The historic district of Rome was declared a World Heritage Site by the United Nations Educational, Scientific and Cultural Organization (UNESCO) in 1980. It covers 19.91 km2 and is included in 22 rioni with 186,802 inhabitants. There are 25,000 important archaeological sites and locations.

== History ==

=== Foundation to modern times ===
Rome was built from prehistoric human settlements, but the city itself appears to have emerged gradually through synoecism in the mid-eighth century BCE, especially around the Palatine Hill. However, Roman tradition credits the legend of Romulus and Remus with the founding of Rome in 753 BCE. Rome evolved from a monarchy into a republic, and later an empire, becoming the political and cultural centre of the Mediterranean world. Over the course of centuries, Rome shifted from imperial to religious centrality as the seat of the papacy and eventually became a major hub of Renaissance and Baroque culture. In 1871, it became the capital of unified Italy following the Breach of Porta Pia, and expanded rapidly in the modern era.

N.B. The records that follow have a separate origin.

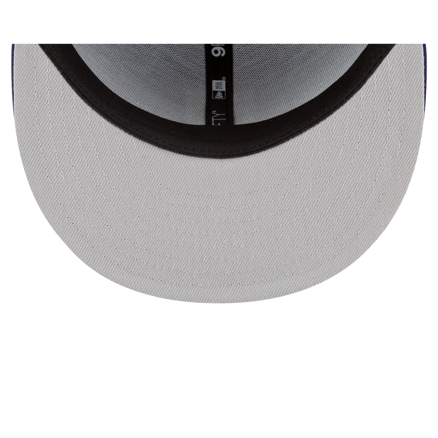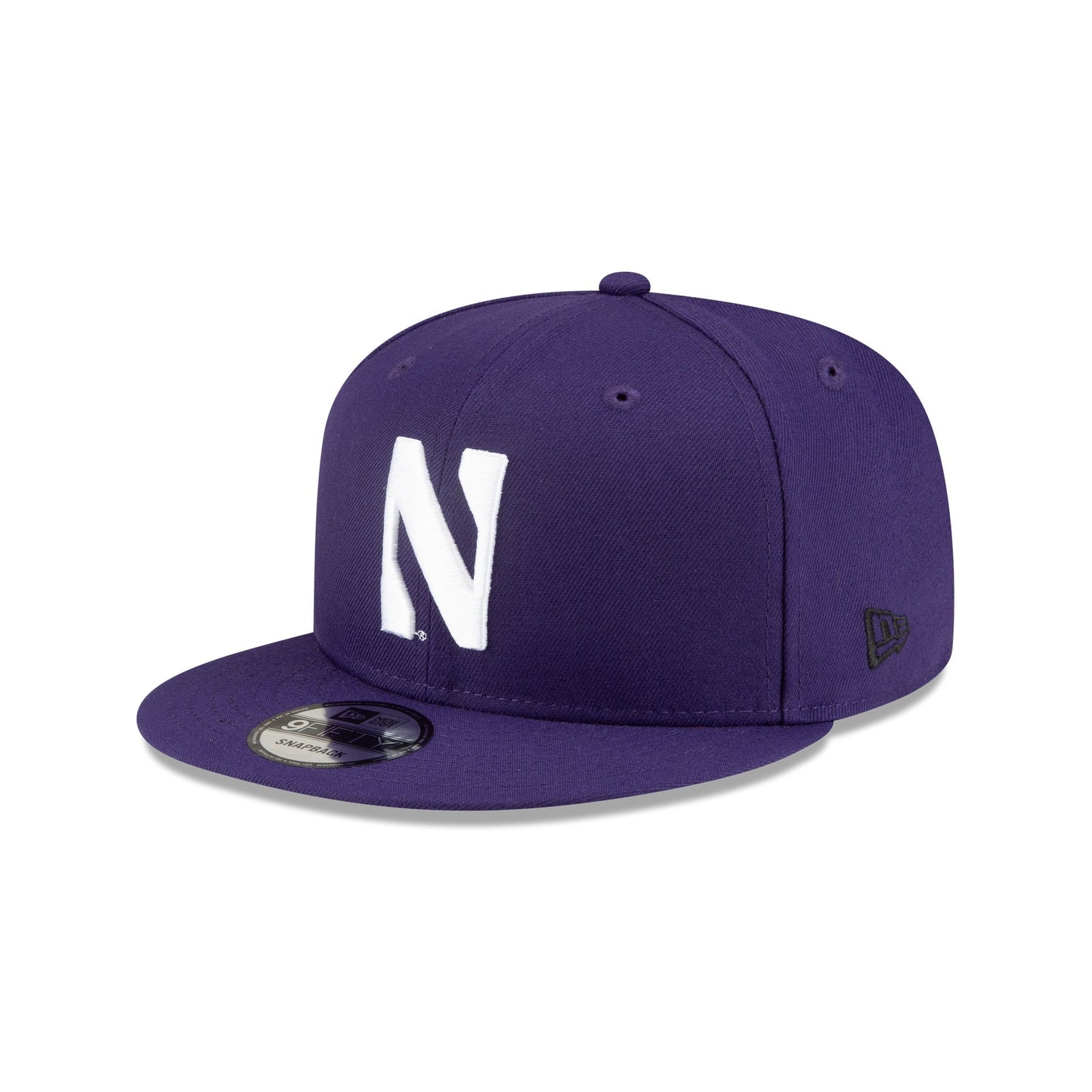 The Northwestern Wildcats 9FIFTY Snapback features an embroidered Wildcats logo at the front panels with a team wordmark at the right-wear side, a gray undervisor, and a snapback closure at the rear.
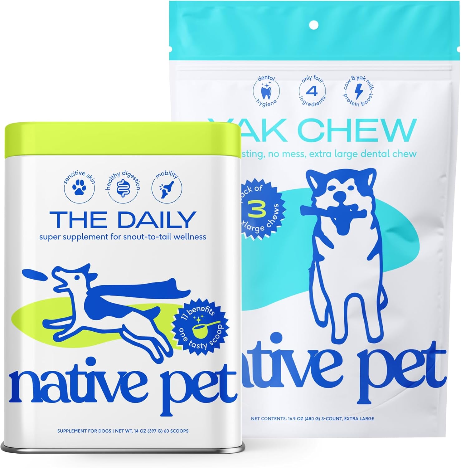 LONG LASTING DOG CHEWS – Keep your furry friend entertained with our yak chews made from natural ingredients like yak's milk, cow's milk, salt, and lime. Perfect for puppies and adult dogs, these yak chews provide hours of chewing fun. IMMUNE SUPPORT & OVERALL HEALTH FOR ALL DOGS: Boost your dog’s natural defenses with this nutrient-rich dog multivitamin powder. Packed with Vitamin C, Zinc, and Beta Carotene, it promotes vitality and overall health, making it the perfect choice for immune support for dogs. Designed for all breeds and all ages, this dog vitamin provides essential dog vitamins and supplements to keep your furry friend active and healthy. PROMOTES DENTAL HEALTH & CLEAN TEETH: This himalayan dog chew helps clean your dog’s teeth as they chew, promoting healthier gums and reducing plaque build-up. Made from simple, natural ingredients like yak's milk, cow's milk, salt, and lime, these yak chews for dogs are designed to strengthen your dog's teeth and maintain oral hygiene. Great for maintaining clean, healthy teeth, our himalayan yak cheese dog chew offers a natural, long-lasting chewing experience. IRRESISTIBLE FLAVOR DOGS LOVE: 100% of dogs in taste tests preferred this beef bone broth and goat milk-based formula over leading competitors. Designed for maximum palatability, this pet supplement doubles as a dog food topper, making it perfect for picky eaters. Whether it’s used as a treat for small breeds or a meal enhancer for large dogs, your furry friend will enjoy every bite. ALL NATURAL, VET APPROVED & EASY TO DIGEST: Our yak dog chews are made with simple, natural ingredients that are vet approved, offering a highly digestible alternative to rawhide. Native Pet Yak Chews are gentle on your dog's stomach, even for those with sensitive digestive systems. The natural ingredients in these yak bones for dogs ensure your dog enjoys hours of safe, satisfying chewing without the discomfort of traditional chews. › See more product details
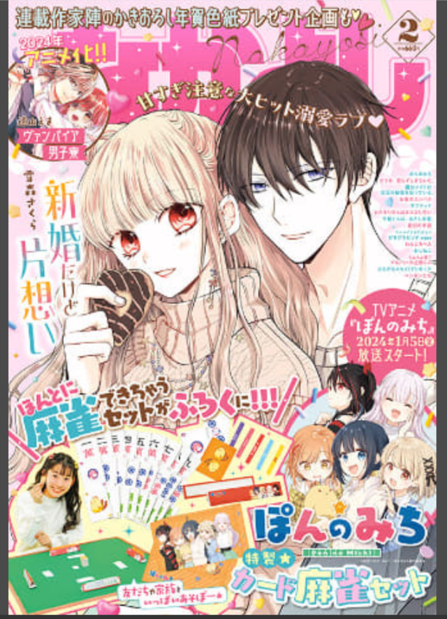 1月からテレビアニメがスタートする『ぽんのみち』のコミカライズ(原作:IIS-P、まんが:卯花つかさ、キャラクター原案:春場ねぎ)を受け、『なかよし』初となる麻雀セットがふろくに登場し、牌(パイ)はカードとなり持ち運び可能。

=== UNESCO World Heritage Site ===
The historic centre of Rome came to be protected through both national conservation efforts and international recognition. The historic centre, meeting five of the ten criteria, was inscribed on the UNESCO World Heritage List in 1980, acknowledging the area's archaeological, artistic, and religious significance. The protected zone was then expanded in 1990 to include the walls of Urban VIII, certain extraterritorial properties of the Holy See, and the Basilica of Saint Paul Outside the Walls.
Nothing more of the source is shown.